Div. Three, in an opinion by Richard M. Aronson, affirmed the dismissal of a misdemeanor complaint against JeanPierre Cuong Nguyen. He was charged with violating Irvine Municipal Code §4-14-803, requiring that sex offenders obtain written permission from the city’s police chief before entering a city park and recreational facility.

In determining the relevant field for ascertaining whether state law preempted the ordinance, the court concluded that the state has preempted the field of restrictions on a sex offender’s daily life, not just the geographical restrictions of where a sex offender may travel. 

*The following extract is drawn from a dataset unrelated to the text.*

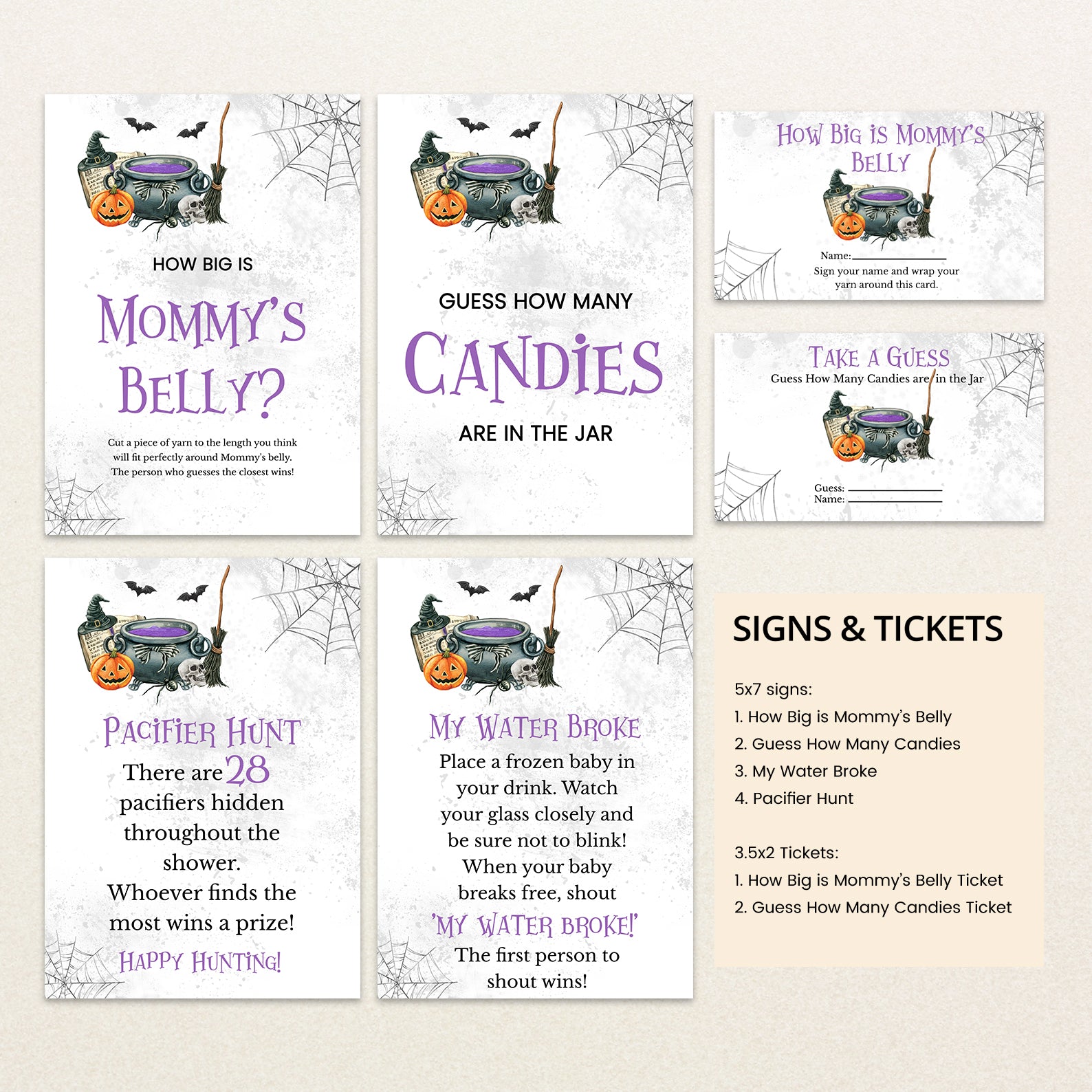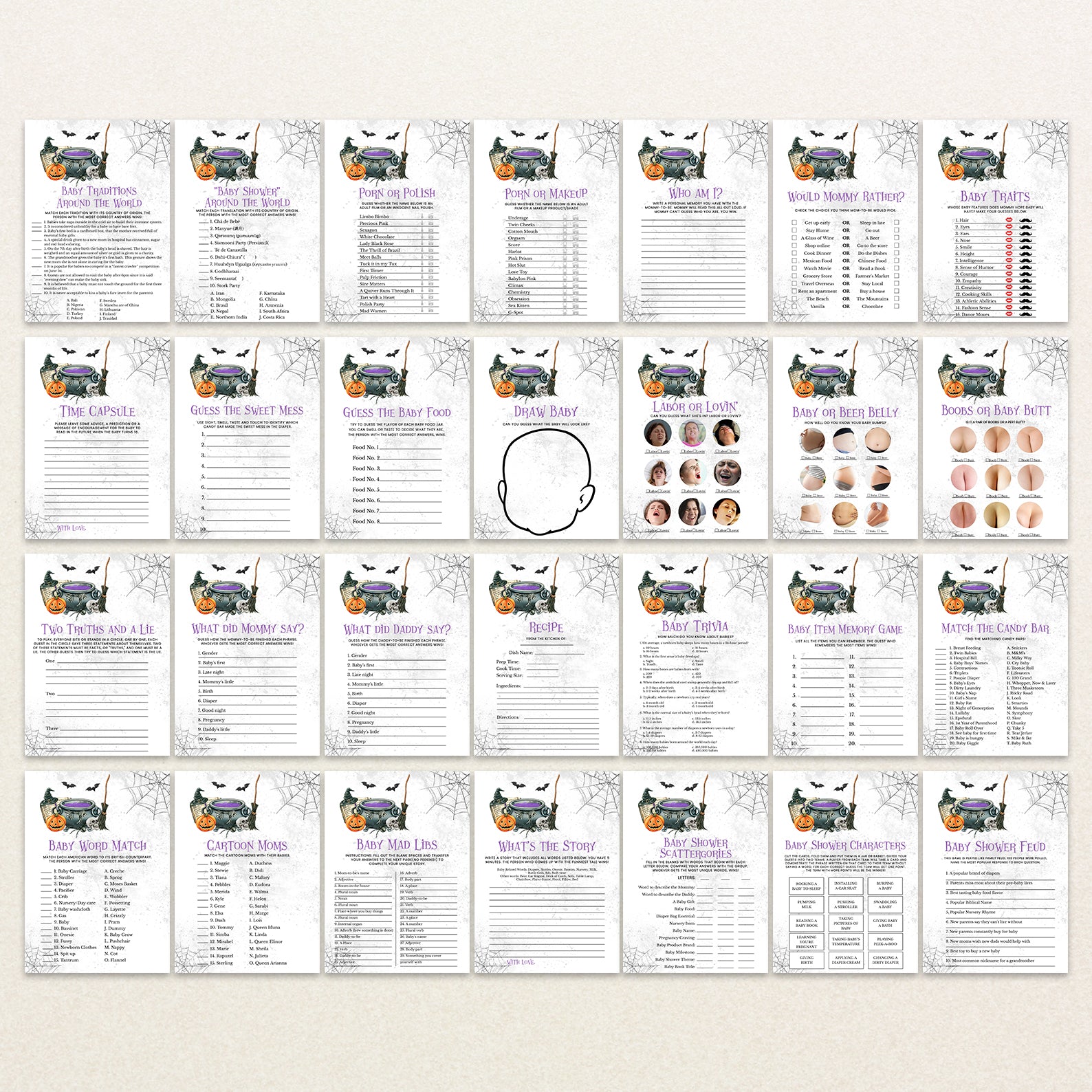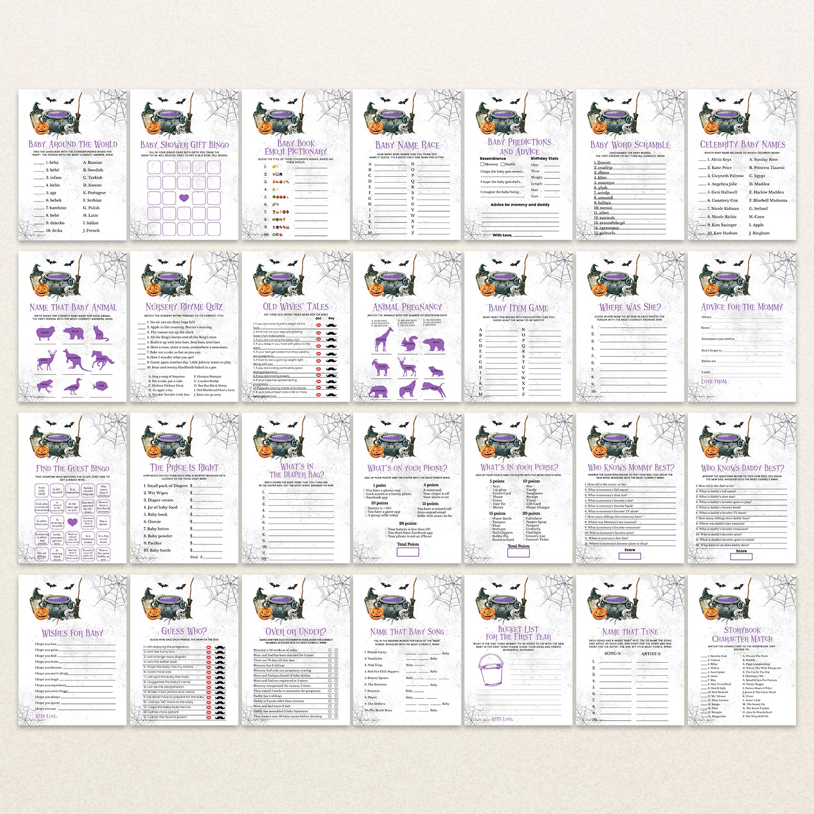 - Purchase this A Baby is Brewing: Whimsical Halloween Purple Baby Shower Game Bundle! template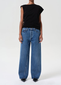 With a twisted outseam and easy, slouchy fit, the Twist Low Slung Baggy brings directional detail to a vintage-inspired silhouette. Crafted from rigid regenerative cotton denim in a bright medium indigo wash. This fit is true to size. Looks Like: Bright medium indigo denim pant with a twist seam detailing Feels Like: Rigid, non stretch cotton denim with a soft hand for all day wearability MORE DETAILS Closure: Button Fly Rise: 12 1/4" Inseam: 30 1/2" Leg Opening: 21" Model is 5'10" and is wearing a Size 27 Fabric: 100% Regenerative Cotton Care Instructions: Machine wash cold inside out with like colors. Do not bleach. Tumble dry low. Made in Turkey with imported materials A268-1371-MYH

The Legislature, Aronson said, “has enacted a comprehensive statutory scheme regulating the daily life of sex offenders to reduce the risk of an offender committing a new offense…[the statutory scheme] occupies the field and therefore preempts the city’s efforts to restrict sex offenders from visiting city parks and recreational facilities.”

The requirement of written permission, the court held, was a de facto registration mandate. Such a requirement is preempted by state law, especially where the state has long occupied the area of sex offender registration, since 1947, Aronson said.

The district attorney argued that the whole ordinance need not be invalidated because the written permission requirement could be severed from the rest of the city ordinance. The court disagreed, saying that striking the written permission portion from the ordinance would result in an outright ban on sex offenders’ ability to enter parks or recreational facilities, which was not part of the Legislature’s intent. 

Aronson said:

“An invalid portion of an ordinance is volitionally separable if the remainder of the ordinance reflects a substantial portion of the legislatives body’s purpose in passing the ordinance.  Here, allowing the remainder of Section 4-14-803 to stand as an outright ban on sex offenders entering a city park or recreational facility would go beyond Irvine’s intent.”

A court has does not have the power, Aronson concluded, to sever a portion of a city ordinance where to do so would result in rewriting the ordinance to conform to a presumed intention, substantially altering the meaning of the ordinance as originally enacted.